The Buchloe shop charged a premium, did it by hand, and built one of the finest driver’s cars of the 1990s. Now one of those cars — a 1998 Alpina B8 4.6 Touring in dark Madeira Violet — is crossing the block on Bring a Trailer, with bidding ending May 19. It is reportedly the only B8 Touring in this color, and only 27 wagons were ever made.
The numbers alone justify the frenzy this listing will generate. But numbers only scratch the surface of what made this car so absurdly difficult to build.
BMW didn’t simply hand Alpina a bare shell and wave goodbye. The factory had to perform more than three dozen modifications to each E36 body-in-white before the V-8 could physically fit. BMW even cast an entirely new block because Alpina’s specially coated bores couldn’t be enlarged using conventional machining.
This wasn’t a swap. It was a co-engineering project between a massive automaker and a boutique builder that still operated on craftsmanship and obsession.
The resulting 4.6-liter V-8 produces 333 horsepower and 260 pound-feet of torque at just 1,000 rpm. Peak output isn’t the story here.

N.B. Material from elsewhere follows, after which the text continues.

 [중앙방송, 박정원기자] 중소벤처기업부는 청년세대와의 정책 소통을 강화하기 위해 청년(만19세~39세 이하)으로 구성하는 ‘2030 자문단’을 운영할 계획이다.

The B8’s engine is defined by its relentless midrange flexibility — always responsive, always muscular, regardless of gear.

Top speed exceeds 175 mph, and the gearbox is a Getrag six-speed manual. Underneath, the chassis wears Bilstein dampers. Brakes are M3 units at the rear, with custom-fitted calipers and rotors up front.

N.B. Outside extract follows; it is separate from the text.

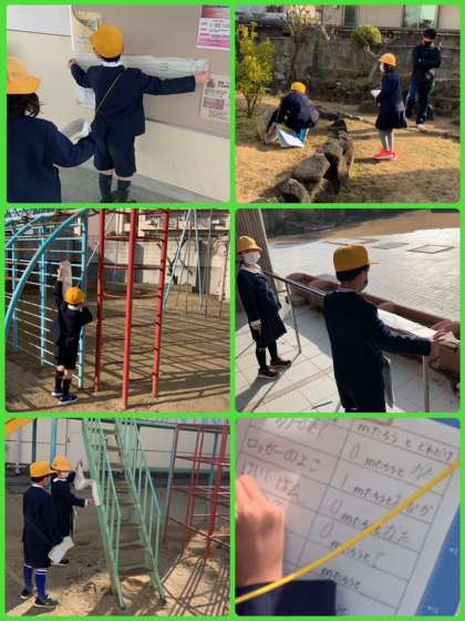 それぞれが自分の「メートルたろう」さんを、持って、校内にあるいろいろなものを測っていました。だいたいの1mの長さはわかったかな?

Stability and traction control came standard. The E36’s rack-and-pinion steering, widely regarded as sharper and more communicative than the E39’s recirculating-ball setup, gives the B8 Touring a directness that its bigger sibling never matched.
What you end up with is an E39 M5’s power-to-weight ratio in a more nimble chassis, with the added absurdity of wagon practicality. And a stick shift. In purple. With Alpina’s signature 17-inch 20-spoke wheels and the classic stripe livery.

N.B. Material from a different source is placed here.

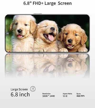 【6.8″ FHD+ 120Hz display】:The 5g phone is 6.8’’HD + full screen display with 21:9 aspect ratio, resolution 3200 x 1440 , with a 120 Hz refresh rate. Scroll, swipe, and enjoy all your entertainment effortlessly on this stunning display. Full of high-quality texture, it is the best gift for family and friends.

From the outside, it is almost invisible to anyone who doesn’t already know. No rear badges. A discreet exhaust. Only that low V-8 burble at idle gives anything away.
This is the polar opposite of modern performance-car theater, where every cold start shakes the neighborhood and every fender vent screams for attention. That subtlety is part of what made pre-merger Alpina so different from what the brand has become.
Before BMW fully absorbed it, Alpina operated with a degree of creative latitude that produced cars like this — machines that existed because someone in Buchloe simply refused to accept the word “impossible.” The current Alpina portfolio, integrated into BMW’s corporate structure, is competent and fast. But it doesn’t carry the same whiff of defiance.
The B8 4.6 Touring does. Every one of the 27 wagons ever built carries the fingerprints of engineers who had to fight their own partner’s bureaucracy to make the thing exist. That this particular car survived in what appears to be strong condition, wearing a one-of-one color, with its original drivetrain intact, makes it something closer to a museum piece than a used car.
Expect the bidding to reflect that. The market for rare, manual, pre-merger Alpinas has been climbing for years, and a purple wagon with this provenance is the kind of listing that turns auction watchers into auction bidders. Someone is about to pay dearly for the privilege of owning BMW’s most eloquent act of stubbornness.